Bir önceki yazımızda Türkiye'nin 12 Eylül'e gidişi sırasında tezgahlanan 'algı operasyonu'nu ve bu operasyonun nasıl küresel bir saldırının parçası olduğunu anlatmaya çalışmıştık...

O dönemde, toplumsal yapımız dönüşürken, bellek sistemleri de bundan etkilenmiş, ancak kültürel ortamdaki ve beyinlerdeki değişim teknolojik alandaki değişimden daha zor gerçekleştiği için bu gelişme o saldırıyı önlemeye yetmemişti...

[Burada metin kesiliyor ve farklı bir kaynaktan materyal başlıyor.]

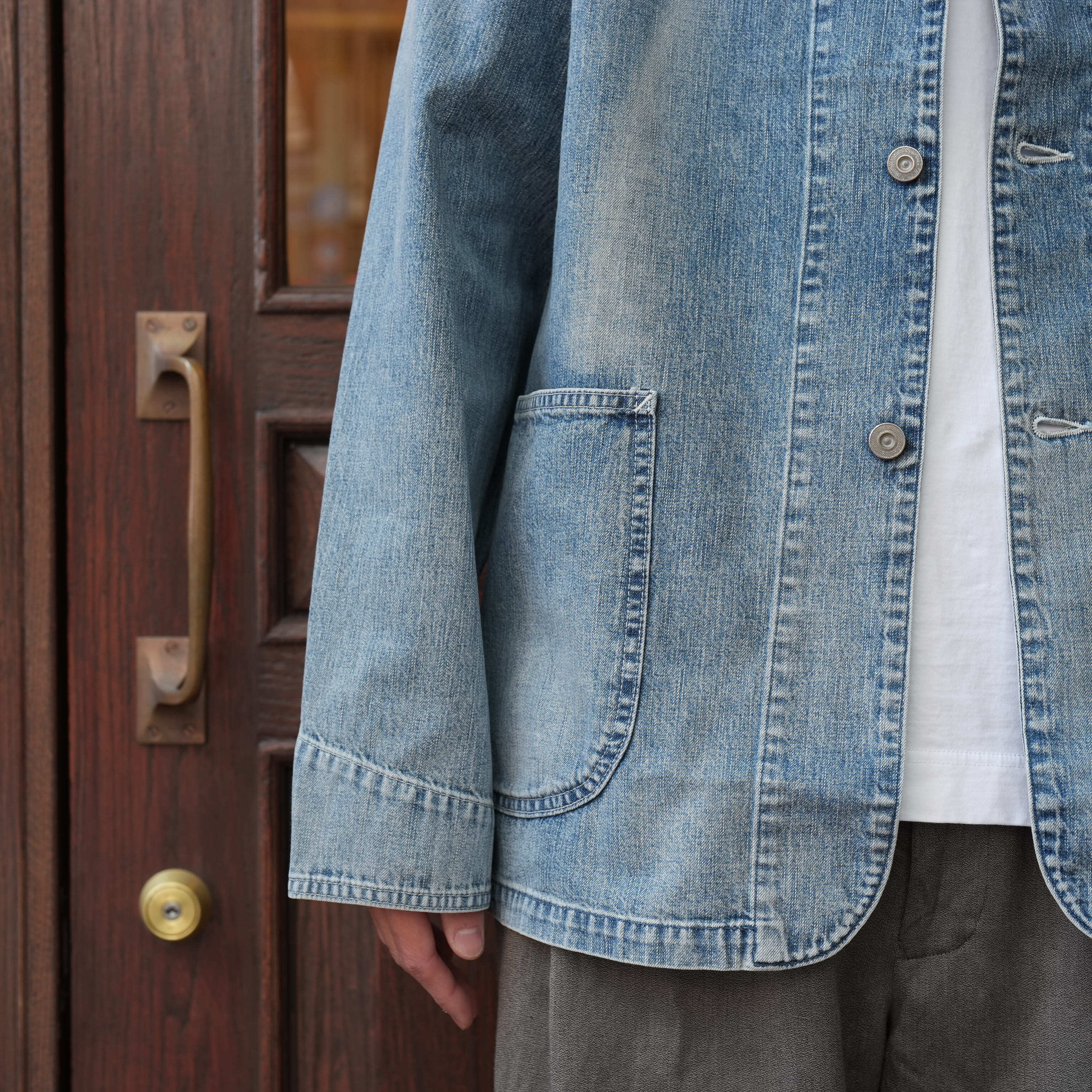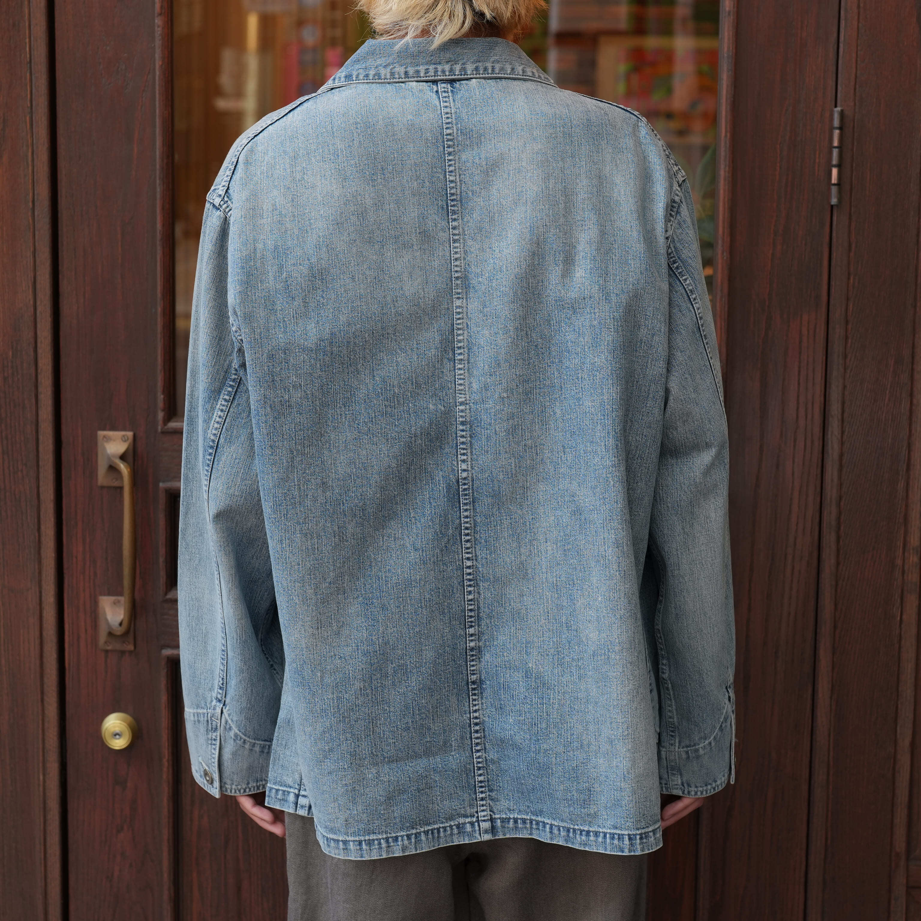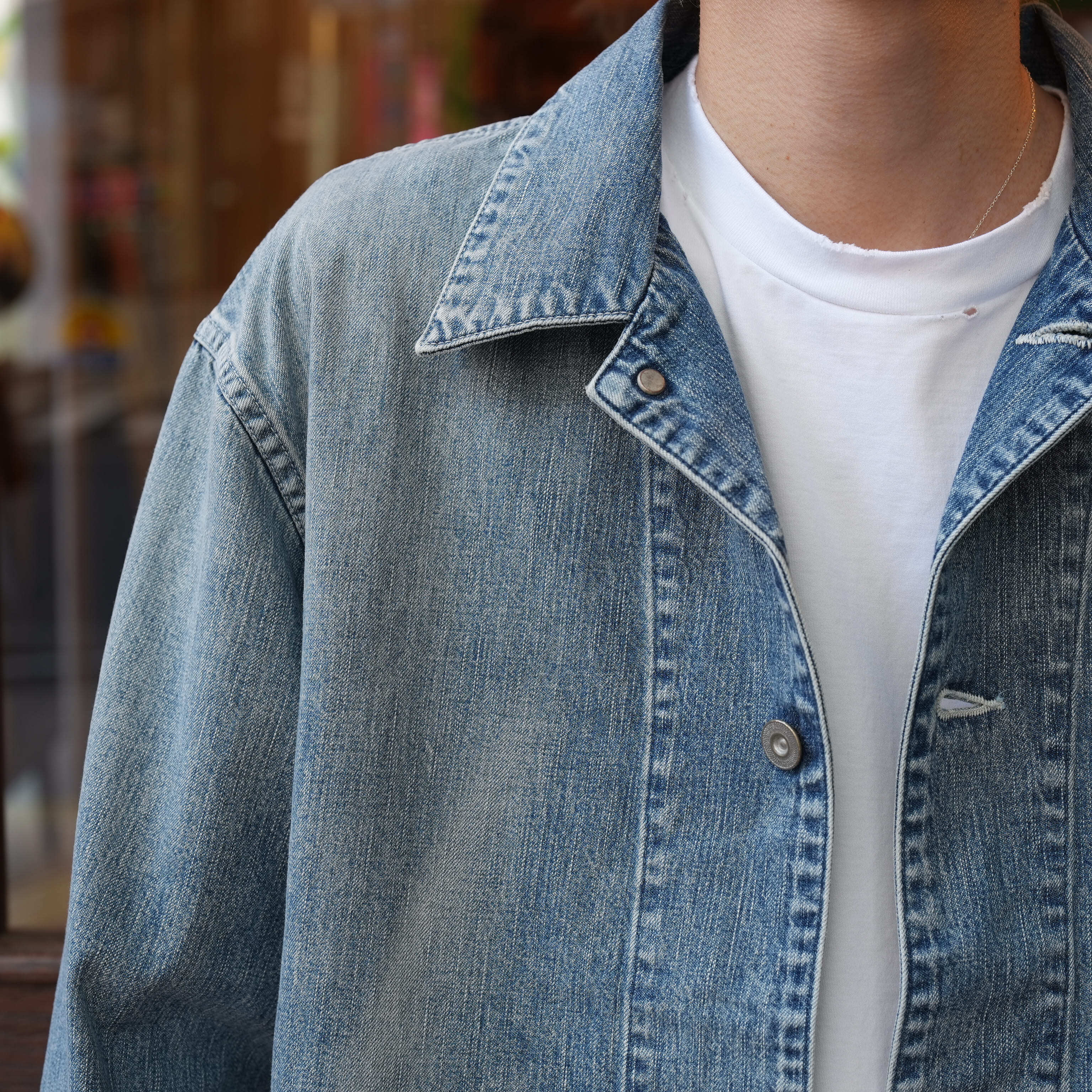 大戦期のカバーオールをベースに気負わず羽織れるパターンワークで仕上げたカバーオール。所謂ビンテージの色落ちとはまた違ったムードを目指し、手作業と洗い加工をいくつも組み合わせながら、奥行きのあるフェードや色彩の濃淡を細かく調整して仕上げています。今季はさらに全体の色落ちを強くし、アタリ感やフェード感を強く反映させてアップデートしています。
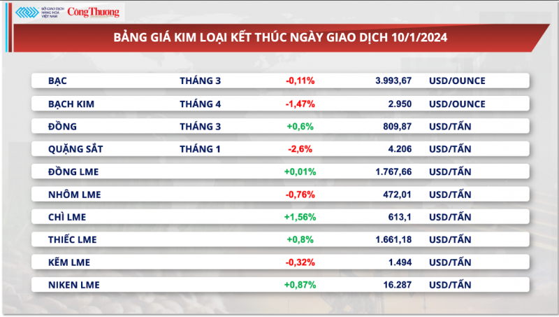 | Thị trường hàng hóa ngày 9/1/2024: Giá dầu lao dốc, giá ngô rơi xuống sát vùng đáy trong 3 nămThị trường hàng hóa ngày 10/1/2024: Giá hàng hóa nguyên liệu thế giới tiếp tục đảo chiều đi lên |
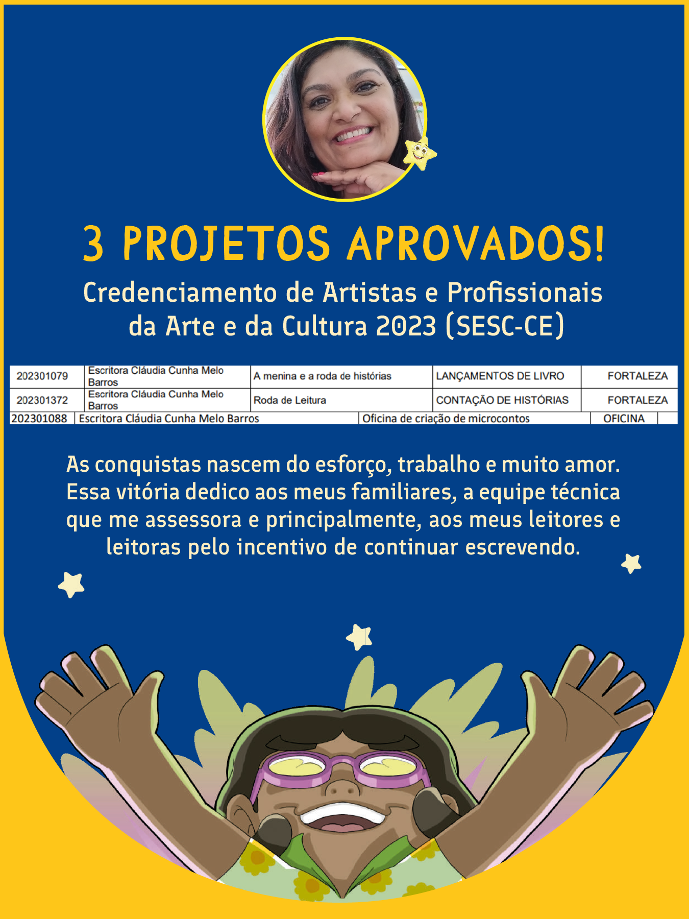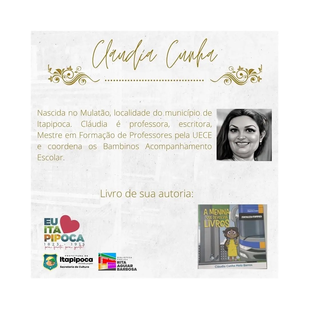 Sou professora e amo minha profissão! Sou escritora e leitora, faço questão de disseminar a valorização do livro, da poesia, do cordel, da produção local. Sei o quanto o livro tem sido negado à população em geral. É importante que a cultura leitora se transforme num direito de todos (as) e para todos (as)Vídeos

Cuntacılar, bunu bildikleri için tüm planları önceden hazır olduğu halde 'kamuoyu biraz daha olgunlaşsın' diye provokasyon ve katliamların bir yıl kadar daha sürmesine izin vermiş, darbe gerçekleştiği zaman da toplumun büyük bir bölümü tarafından 'kurtarıcı' olarak algılanmış ve alkışlanmışlardı..

***

Einstein, 'bir önyargıyı parçalamak atom çekirdeğini parçalamaktan daha zordur' derken, kendi yaşantısından yola çıkmıştı...

O yine de şanslıydı; çünkü zamanında Almanya'dan kaçarak Hitler'in pençesinden kendini kurtarmıştı... Ondan yüzlerce yıl önce bazı önyargıları parçalamak isteyen öncü bilim insanı Giordano Bruno 'Enkizisyon mahkemesi' tarafından yakılarak öldürülmüş, Galile ise yakılmamak için savunduğu bilimsel görüşleri terk ettiğini açıklamak zorunda kalmıştı...

Tarih boyunca gerçekleri dile getirerek insanlığa hizmet etmek isteyen pek çok öncü fikir insanı da onlarla aynı kaderi paylaşmıştı.

***

'Gerçek çizmelerini giymeden yalan dünyayı dolaşır' diye bir özdeyiş vardır...

Bu özdeyiş, toplumların gerçeği yalandan ayırma konusundaki beceriksizliğini anlatır...

Ve ne yazık ki günümüzün digital medyasında yalanlar, gerçek ortaya çıkmadan bir kez değil bin kez dünyayı dolaşmaktadır.

***

Ülkemize dönersek...

Tarihimizin yaşadığı en büyük değişim, cumhuriyet devrimidir... Bu devrim de, başlangıçta ekonomik ve sosyal yapıda önemli değişimler getirmiş, ama 'geleneksel ve muhafazakar' çevrelerin tepkileri nedeniyle bunları tamamlayamamıştır...

1960'lı yıllardan itibaren kırdan kente göç olgusu hızlanınca, parçalanmaya başlayan geleneksel yapı muhafazakar tepkileri daha da artırmış, bu tepki ilerici antiemperyalist akımların bastırılmasına çalışan Batılı emperyalist ülkeler tarafından ustaca kullanılmıştır...

Sonuçta siyasal ve toplumsal yapılar içinde meydana gelen kutuplaşma, dönemin yönetimleri ve egemen medya kanalları tarafından yürütülen algı openasyonlarıyla toplumu bölmeye çalışan 'solcularla', toplumu savunmaya çalışan 'sağcılar' arasındaki bir çatışma olarak gösterilebilmiştir.

***

12 Mart müdahalesinin başı Orgeneral Memduh Tağmaç, 'sosyal gelişme ekonomik gelişmeyi aştı' derken gerçekte ne olduğunu çok iyi bildiğini gösteriyordu, ama müdahaleyi 'kardeş kavgasını önlemek' için yaptıklarını söyleyerek gerçekleri tersyüz etmekten vazgeçmiyordu... Aynı sürecin bir sonraki aşamasında 12 Eylül askeri darbesinin lideri Evren de 'Biz darbe yapmasak 24 Ocak kararları uygulanamazdı' derken gerçeği dile getiriyor, ama o da resmi söylemlerinde 'kardeş kavgasını' önlediklerini öne sürüyordu...

12 Mart ve 12 Eylül darbecilerinin yaptıkları algı operasyonu ile vermek istedikleri mesaj şuydu: ''Vatan haini solcular, batılı dostlarımızın bizi geliştirmeye çalışan yardımlarına karşı çıktıkları için sıkıntıya düşmüştük, şimdi onları temizledik ve korumacı ekonomik yapıyı değiştirerek Batılı dostlarımızla kucaklaştık... Böylece de gelişmenin ve 'kötü solcular'ın olmadığı bir 'demokrasinin' yolunu açıyoruz!'...

Ne yazık ki bu söylem, Batılı dostlarımızın 'tavsiyesiyle' uygulanan kemer sıkma politikalarıyla bunalan ve yaratılan siyasal kaos ve şiddet ortamını gerçekte kimin yarattığını göremeyen gelenekçi/muhafazakar toplumsal çevrelerin desteğini almış ve amacına ulaşmıştı.